The web-based tools SIFT, PolyPhen, PON-P2 and ESEfinder were used to make a preliminary functional evaluation of the variants detected in the 30 sporadic IPF patients and in the 30 healthy controls. The Sorting Intolerant from Tolerant: (SIFT; http://sift.jcvi.org/) algorithm was used to predict the effect of an amino acid substitution on protein function.

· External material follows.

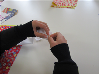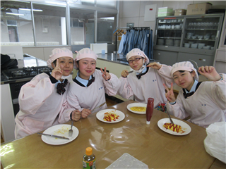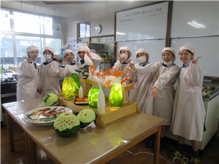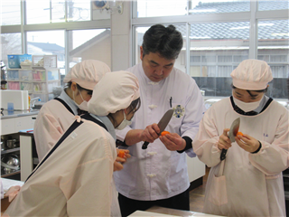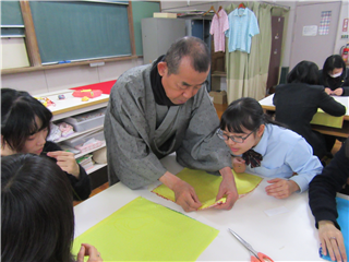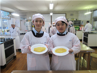 使って鶴を形作りました。オムレツも飾り切りも初めは「難しくて無理かも~」という声が生徒からありましたが、丁寧に教えていただき、作り上げることができました。お忙しいなか、教えていただきありがとうございました。

The scores ranged from 0 to 1, where 0 denotes damaging and 1 denotes neutral39. For the PolyPhen-based prediction (http://genetics.bwh.harvard.edu/pph2/), the results shown as benign would be considered nonfunctional variants, while those found to be possibly or probably damaging were considered functional40. PON-P2 (http://structure.bmc.lu.se/PON-P2/) is a new computational profiling tool for classifying the amino acid substitutions resulting from DNA variations: it classifies these into pathogenic, unknown and neutral based on the forecast probability score41. ESEfinder was used to predict whether the exonic variations could disrupt or produce putative exonic splicing enhancers (ESE), which are response elements for the human SR proteins (SF2/ASF, SC35, SRp40 and SRp5542, which are involved in pre-mRNA splicing). The program can score the input sequences, and the scores above a default threshold value were predicted to act as ESEs (ESEfinder3.0, http://rulai.cshl.edu/cgi-bin/tools/ESE3/esefinder.cgi).

Cohort analysis on the detected variants

Some of the ABCA3 variants detected in the 30 sporadic IPF patients had cohort analysis performed on them, with a comparison between ILD patients and healthy individuals in a larger sample set. Real-time PCR with the TaqMan probe (Applied Biosystems, Foster City, CA) was used to genotype the selected variants in the recruited ILD (IPF and CTD-ILD) patients, pneumonias patients and healthy controls. We used a 10 μl reaction system containing 2.5 μl of Taqman universal genotyping master mix, 0.125 μl of Taqman 20 × SNP assay, 1.5 μl of DNA (5 ng/μl), with the remaining volume consisting of autoclaved reverse-osmosis-purified water. The reactions were performed using a Viia7 Fast Real-time PCR system (Applied Biosystems). The PCR cycle included a 95 °C 10-minute hot start, followed by 40 cycles of two-step PCR (15 seconds at 95 °C for denaturing and 1 minute at 60 °C for annealing and extension). Digital PCR analysis software (TaqMan GenoTyper v1.3) was used to process the data. To validate the genotyping results of the TaqMan assay, we performed sequencing on all of the samples that had been assessed to carry the checked variations in ABCA3, and more than ten samples were shown to be non-carriers.

Statistical analysis

The statistical program SPSS version 19.0 was used to carry out the statistical analysis of the associations between the genotypes and disease status. We performed Fisher’s exact test to compare the frequencies of the variants between the patient and control groups (P < 0.05 was considered statistically significant). For risk assessment, we used an unconditional logistic regression to calculate the odds ratios (OR) and 95% confidence intervals (95% CI). However, Bonferroni correction was employed to adjust the significance level in the case of multiple comparisons.